Masters student, Eliza Larson tells us what she has found
The continued decline of tree cavities is increasing pressure on many hollow-utilising species. In Australia alone, around 300 species of birds, bats and arboreal marsupials which utilise tree cavities are potentially at risk. Artificial nest boxes are commonly used to mitigate cavity loss, however they are poorly insulated in comparison. The predicted continued increases in average temperature and extreme weather events such as heat waves, makes it critical to understand how species in nest boxes may be affected by these changes, and how these effects may be mitigated.
To investigate this, I selected the iconic Crimson Rosella (Platycercus elegans) as my study species. Like almost all parrot species it is an obligate cavity breeder. In addition, there are several subspecies occupying a range of habitats and climatic zones in eastern and south-eastern Australia. It also willingly breeds in the over 700 nest boxes our research group has established. I deployed temperature loggers in each nest box, and compared temperature to nest box selection, nestling growth and survival.
I began this as my Honours project at field sites at Bellbrae and Steiglitz near Geelong with the Crimson subspecies P. e. elegans, which revealed that more extreme low temperatures were most detrimental for nestling growth, and greater temperature variability had a tendency to reduce fledging success. I was lucky enough to continue my project for my Masters, and spent four wonderful (and exhausting) months in the beautiful Adelaide Hills and Fleurieu Peninsula in South Australia. These areas are home to the orange/yellow Adelaide (P. e. adelaidae) and Fleurieu (P. e. fleurieuensis) subspecies which experience a warmer and drier climate than the Crimson subspecies in southern Victoria.
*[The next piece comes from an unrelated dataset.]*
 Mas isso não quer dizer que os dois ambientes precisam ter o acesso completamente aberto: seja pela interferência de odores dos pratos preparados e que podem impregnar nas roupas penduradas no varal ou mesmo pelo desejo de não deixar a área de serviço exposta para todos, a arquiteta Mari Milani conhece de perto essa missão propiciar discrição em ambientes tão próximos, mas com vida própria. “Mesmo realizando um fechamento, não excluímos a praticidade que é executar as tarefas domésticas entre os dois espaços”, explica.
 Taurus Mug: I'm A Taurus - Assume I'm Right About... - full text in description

In addition to nest box temperature, I also recorded characteristics such as the amount of tree canopy cover and depth of nest box substrate.
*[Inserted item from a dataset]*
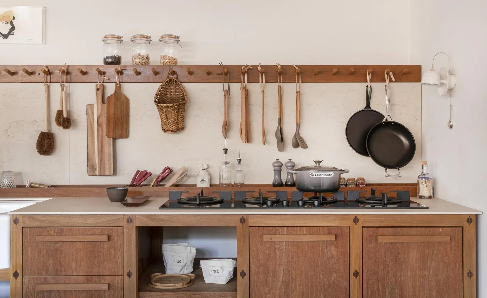 На кухне мы решили заменить полочки на крючки, которые в итоге демонстрируют волшебную посуду и все детали,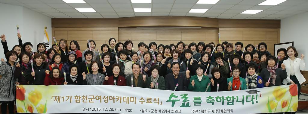 합천군(군수 하창환)은 지난 28일 제2청사 대회의실에서 여성 리더 양성을 위한 「제1기 여성아카데미」 수료식을 개최했다.

Due to relatively recent logging in the 1970s, cavity bearing trees are rare at our Adelaide Hills site. Nest box uptake is therefore extremely high, and 54 out of our 60 nest boxes had at least one breeding attempt. With the assistance of Honours student Sarah Micallef, and a few enthusiastic volunteers, we scaled ladders to monitor each four metre high nest box every two days. Our efforts were rewarded with 173 rosella nestlings weighed weekly from a total of 75 breeding attempts (32 successful, 43 failed – mainly due to predation).
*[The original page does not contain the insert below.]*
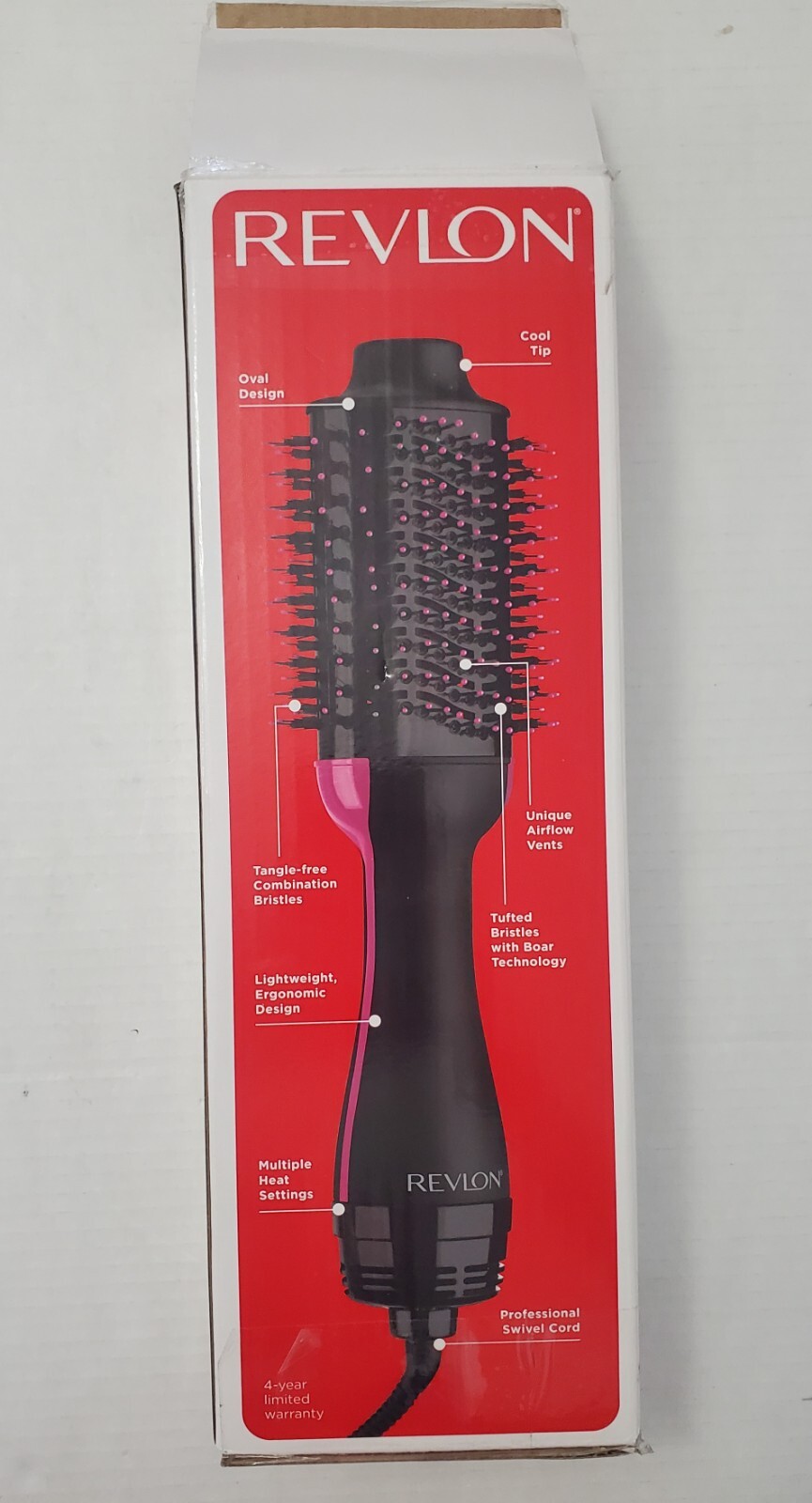 Product Description The original blow-dry brush, the Revlon One-Step™ Volumizer, creates salon-quality blowouts in up to half the time*. Improved motor life. Dry, smooth and style your hair in up to half the time with 36% less breakage**. Say goodbye to flat, dull strands — this blowout brush gives your hair 22% more shine*** while boosting volume and lift. The natural and nylon bristles slide through your locks while smoothing frizz and infusing shine for oh-so-healthy-looking tresses. This super-fast hot air brush takes you from damp to styled in one step. A time- and money-saving hair tool, skip the salon and create beautiful blowouts yourself with the Revlon One-Step™ Volumizer. *Versus drying and styling separately. **Based on third-party testing of a leading blow-dryer brush in the market. **

I analysed nest box preference by order of uptake using temperature variables from two weeks prior to breeding. Nest boxes with lower average temperatures and greater temperature variability were occupied earlier in the season. No tree characteristics appeared to influence nest box preference, however nest boxes with lower substrate depth also seemed to be preferred. Although no significant relationships were found between my temperature variables and clutch size or hatching success, greater average and more extreme high temperatures had strong relationships with nestling growth rates and fledging success. For every 1°C increase in average temperature, nestlings were on average two grams lighter and around two fewer chicks were expected to fledge, while a 1°C increase in high temperatures increased nestling mass by two grams and the number of fledglings by almost one. Although the finding of higher extremes being beneficial to nestlings was surprising, it is possible that they benefit from short periods of greater temperature in the form of reduced thermoregulatory costs, allowing greater energy allocation to growth and therefore survival.
I also conducted a small study testing the effects of different kinds of insulation on the internal temperature of empty nest boxes. I applied 3cm thick polystyrene, pleated foil batts, and reflective paint to the top and east sides (where solar exposure is greatest) of nine pairs of nest boxes over six weeks. My analysis thus far indicates that polystyrene and foil batts were most effective, with both reducing temperatures during the hottest part of the day by 0.5°C on average (but by up to 6 degrees), while remaining slightly warmer than untreated boxes during the night. Reflective paint appears to be quite ineffective, actually increasing internal temperature for a short period in the late afternoon.
My findings suggest that breeding rosellas may be sufficiently flexible to cope with changing climates, but only if cavities with various microclimate profiles are available. Increased nest box insulation could be beneficial to rosella nestling growth and survival by reducing average temperatures during the day, and potentially partially mitigating the effects of heat waves and cold spells. Future work should focus on testing this in the field, and I encourage those of you who make nest boxes for your gardens to run your own experiments with various thicknesses of wood!
I am extremely grateful to BirdLife for their continued support in the form of the Stuart Leslie Research and Conference Awards which assisted with fieldwork costs and helped me attend the IOC in Tokyo last year.